### Exercise aim:
In the records below, repeat word for word only the lines starting at the one that contains "Figur 3: Prosentvis" and ending at the one that contains "范师姐从自己实际的求职过程出发,完整介绍了自己的求职时间线。", pictures excluded.

[Data records]
-.-.-

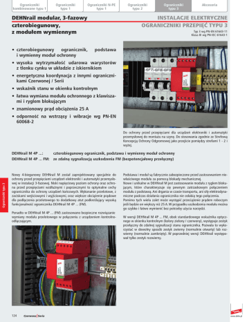 Ograniczniki kombinowane typu 1 Ograniczniki typu 1 Ograniczniki N-PE typu 1 DEHNrail modular, 3-fazowy czterobiegunowy, z modułem wymiennym • czterobiegunowy ogranicznik, i wymienny moduł ochronny Ograniczniki typu 2 Ograniczniki typu 3 Akcesoria iNstalacjE ElEktryczNE OgraNiczNiki przEpięć typu 3 Typ 3 wg PN-EN 61643-11 Klasa III wg PN-IEC 61643-1 podstawa • wysoka wytrzymałość udarowa warystorów z tlenku cynku w układzie z iskiernikiem • energetyczna koordynacja z innymi ogranicznikami Czerwonej / Serii • wskaźnik stanu w okienku kontrolnym • łatwa wymiana modułu ochronnego z klawiszami i ryglem blokującym • znamionowy prąd obciążenia 25 A • odporność na wstrząsy i wibracje wg PN-EN 60068-2 Do ochrony przed przepięciami dla urządzeń elektroniki i automatyki przemysłowej do montażu na szynę. Do stosowania zgodnie ze Strefową Koncepcją Ochrony Odgromowej jako przejście pomiędzy strefami 1 - 2 i wyżej. Ograniczniki typu 3 DEHNrail M 4P ...: czterobiegunowy ogranicznik, podstawa i wymienny moduł ochronny DEHNrail M 4P ... FM: ze zdalną sygnalizacją uszkodzenia FM (bezpotencjałowy przełączny) Nowy 4-biegunowy DEHNrail M został zaprojektowany specjalnie do ochrony przed przepięciami urządzeń elektroniki i automatyki przemysłowej w instalacji 3-fazowej. Niski napięciowy poziom ochrony oraz ochrona przed przepięciami wzdłużnymi i poprzecznymi to optymalne cechy ogranicznika do ochrony urządzeń końcowych. Wykonanie przelotowe, z zaciskami wejściowymi i wyjściowymi, oraz większe obciążenie prądowe dla podłączenia przelotowego to dodatkowy atut podkreślający wysoką funkcjonalność ogranicznika DEHNrail M 4P ... (FM). Ponadto w DEHNrail M 4P ... (FM) zastosowano bezpieczne rozwiązanie wymiany modułu przelotowego w połączeniu z urządzeniem kontrolnoodłączającym. 124 Podstawa i moduł są fabrycznie zabezpieczone przed zastosowaniem niewłaściwego modułu za pomocą blokady mechanicznej. Nowe i unikalne w DEHNrail M jest zastosowanie modułu z ryglem blokującym, które charakteryzuje się pewnym zatrzaskowym połączeniem modułu z podstawą. Ani drgania w czasie transportu, ani siły elektrodynamiczne podczas działania ogranicznika nie osłabią tego połączenia. Pomimo tych wielu zalet może wystąpić przeciążenie prądem roboczym jeśli będzie on większy niż 25 A. W przypadku uszkodzenia modułu można go szybko i łatwo wymienić bez potrzeby użycia narzędzi. W wersji DEHNrail M 4P ... FM, obok standardowego wskaźnika optycznego w okienku kontrolnym (kolory zielony / czerwony), występuje zestyk przełączny do zdalnej sygnalizacji stanu ogranicznika. Pozwala to wykorzystać w dowolny sposób zestyk zwierny (normalnie otwarty) lub rozwierny (normalnie zamknięty). W poprzedniej wersji DEHNrail występował tylko zestyk rozwierny. www.dehn.pl Ograniczniki kombinowane typu 1 Ograniczniki typu 1 Ograniczniki N-PE typu 1 Ograniczniki typu 2 Ograniczniki typu 3 Akcesoria DEHNrail modular, 3-fazowy DEHNrail M 4p ... (FM) iNstalacjE ElEktryczNE OgraNiczNiki przEpięć typu 3 L1 L1 L2 L2 PE PE N N L3 L3 12 11 14 Rysunek wymiarowy DR M 4P ... FM Schemat połączeń DR M 4P ... FM Ogranicznik przepięć wg PN-EN 61643-11 Ogranicznik przepięć wg PN-IEC 61643-1 Napięcie znamionowe AC UN Największe napięcie trwałej pracy AC UC Znamionowy prąd obciążenia AC IL Znamionowy prąd wyładowczy (8/20) In Całkowity prąd wyładowczy (8/20) [L1+L2+L3+N-PE] Itotal Udar kombinowany UOC Udar kombinowany [L1+L2+L3+N-PE] UOC total Napięciowy poziom ochrony [L-N] UP Napięciowy poziom ochrony [L/N-PE] UP Czas zadziałania [L-N] tA Czas zadziałania [L/N-PE] tA Maksymalny bezpiecznik w obwodzie / dodatkowy Wytrzymałość zwarciowa przy bezpieczniku 25 A gL/gG Przepięcie dorywcze [L-N] UT Przepięcie dorywcze [L/N-PE] UT Przepięcie dorywcze [N-PE] UT Zakres temperatur pracy TU Wskaźnik działania / uszkodzenia Przekroje przewodów min. Przekroje przewodów maks. Montaż Materiał obudowy Stopień ochrony Wymiary Certyfikaty dodatkowe Sygnalizacja uszkodzenia FM / Typ zestyku Parametry obwodu sygnalizacji AC Parametry obwodu sygnalizacji DC Przekroje przewodów FM Dane potrzebne do zamówienia Typ Numer katalogowy Opakowanie jednostkowe DR M 4P 255 DR M 4P 255 FM Typ 3 Klasa III 230/400 V 255/440 V Typ 3 Klasa III 230/400 V 255/440 V 25 A 3 kA 8 kA 6 kV 16 kV ≤ 1000 V ≤ 1500 V ≤ 25 ns ≤ 100 ns 25 A gL/gG lub B 25 A 6 kAeff 335 V / 5 sekund 400 V / 5 sekund 1200 V / 200 ms -40°C...+80°C zielony / czerwony 0,5 mm2 drut / linka 4 mm2 drut /2,5 mm2 linka na szynie 35 mm wg EN 60715 Thermoplast, kolor czerwony, UL 94 V-0 IP 20 2 TE, DIN 43880 KEMA — — — — 25 A 3 kA 8 kA 6 kV 16 kV ≤ 1000 V ≤ 1500 V ≤ 25 ns ≤ 100 ns 25 A gL/gG lub B 25 A 6 kAeff 335 V / 5 sekund 400 V / 5 sekund 1200 V / 200 ms -40°C...+80°C zielony / czerwony 0,5 mm2 drut / linka 4 mm2 drut /2,5 mm2 linka na szynie 35 mm wg EN 60715 Thermoplast, kolor czerwony, UL 94 V-0 IP 20 2 TE, DIN 43880 KEMA przełączny 250 V/0,5 A 250 V/0,1 A; 125 V/0,2 A; 75 V/0,5 A maks. 1,5 mm2 drut / linka DR M 4P 255 953 400 1 szt. DR M 4P 255 FM 953 405 1 szt. Ograniczniki typu 3 DR M 4P ... (FM): czterobiegunowy ogranicznik, podstawa i wymienny moduł ochronny; opcjonalnie ze zdalną sygnalizacją uszkodzenia FM (bezpotencjałowe zestyki przełączne) Akcesoria do DEHNrail modular, 3-faz. Moduł ochronny do DEHNrail M 4P 953 020 4P 255 DR MOD DR MOD 4P ...: 4-biegunowy moduł ochronny przelotowy DR MOD 4P 255 DEHNrail, 4-polig, 255 V ÜS-Modul 953 020 Typ DR MOD 4P 255 www.dehn.pl Opak. jedn. Numer szt. katalogowy 1 953 020 125
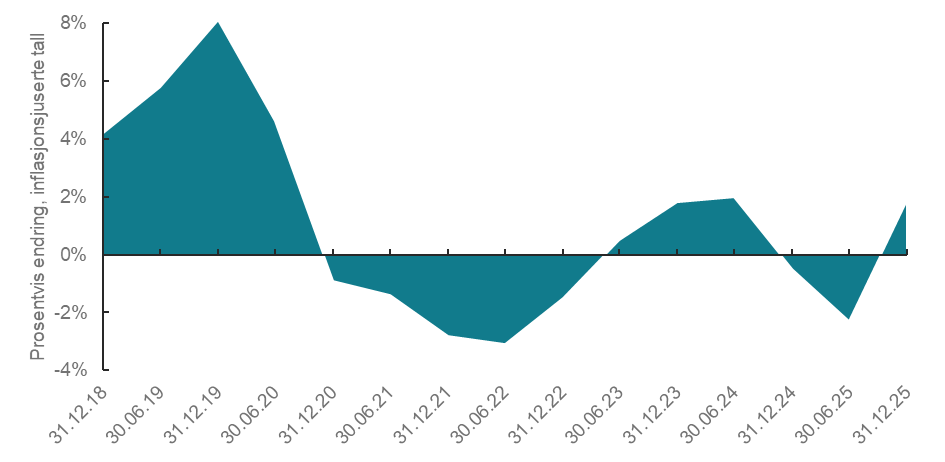 Figur 3: Prosentvis endring for fordringsmasse til inndrivelse i inflasjonsjusterte tall for perioden 31.12.2018–31.12.2025
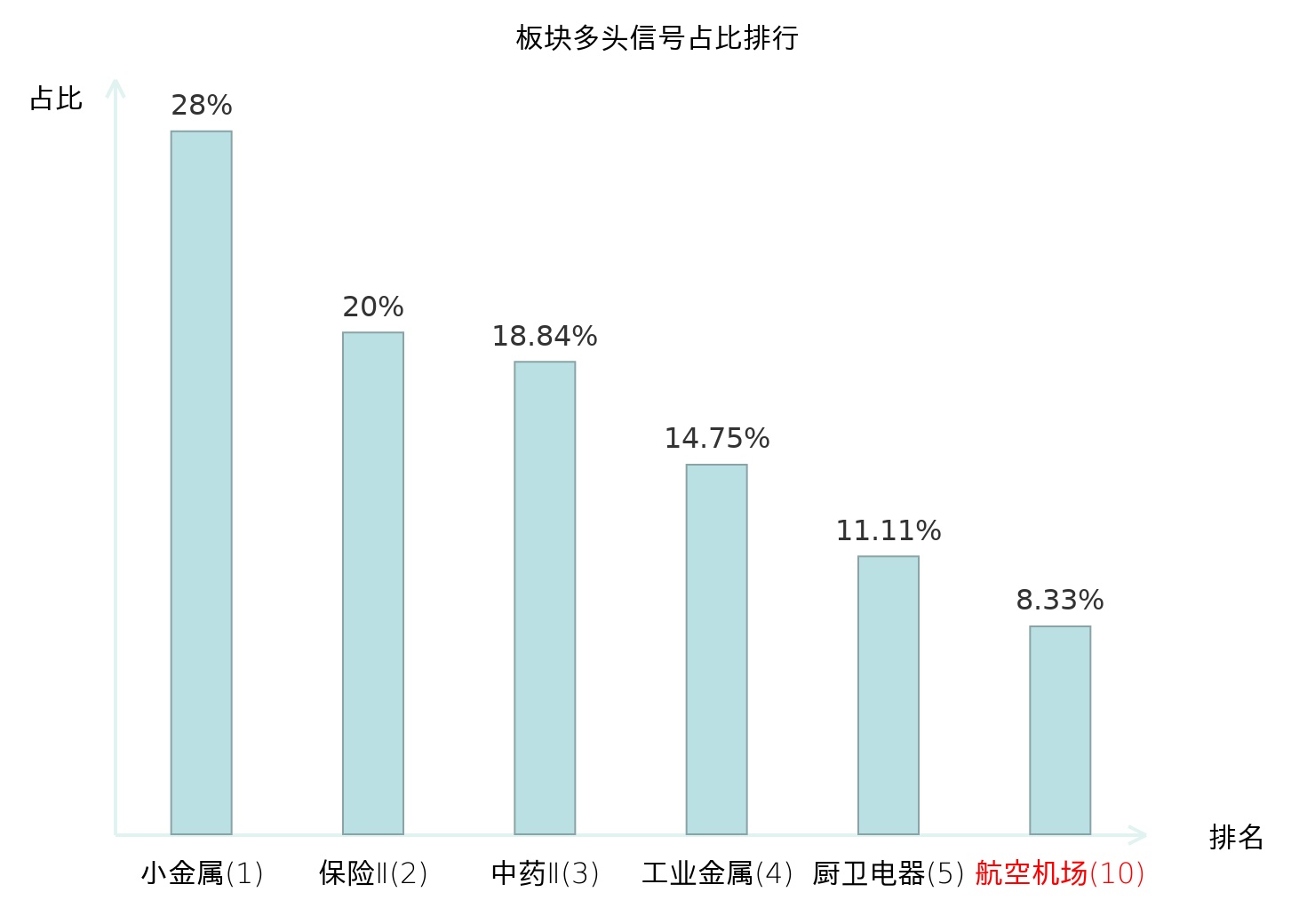 全市场所有行业板块中主力多头信号占比排名中,小金属板块位居第一。保险Ⅱ板块名次提升最快,较昨日上升123位。
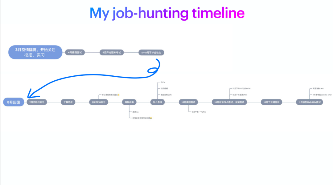 范师姐从自己实际的求职过程出发,完整介绍了自己的求职时间线。
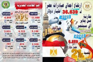 وقد ارتفعت قيمة الصادرات المصرية غير البترولية لأهم 5 دول مستوردة خلال الفترة من يناير حتى سبتمبر 2025 بنسبة 42 % لتصل إلى 14 مليار و 774 مليون دولار مقارنة بنحو 10 مليار و 379 مليون دولار خلال نفس الفترة من العام الماضي وبقيمة 4 مليار و 395 مليون دولار.

-.-.-

### Exercise result:
 Figur 3: Prosentvis endring for fordringsmasse til inndrivelse i inflasjonsjusterte tall for perioden 31.12.2018–31.12.2025
 全市场所有行业板块中主力多头信号占比排名中,小金属板块位居第一。保险Ⅱ板块名次提升最快,较昨日上升123位。
 范师姐从自己实际的求职过程出发,完整介绍了自己的求职时间线。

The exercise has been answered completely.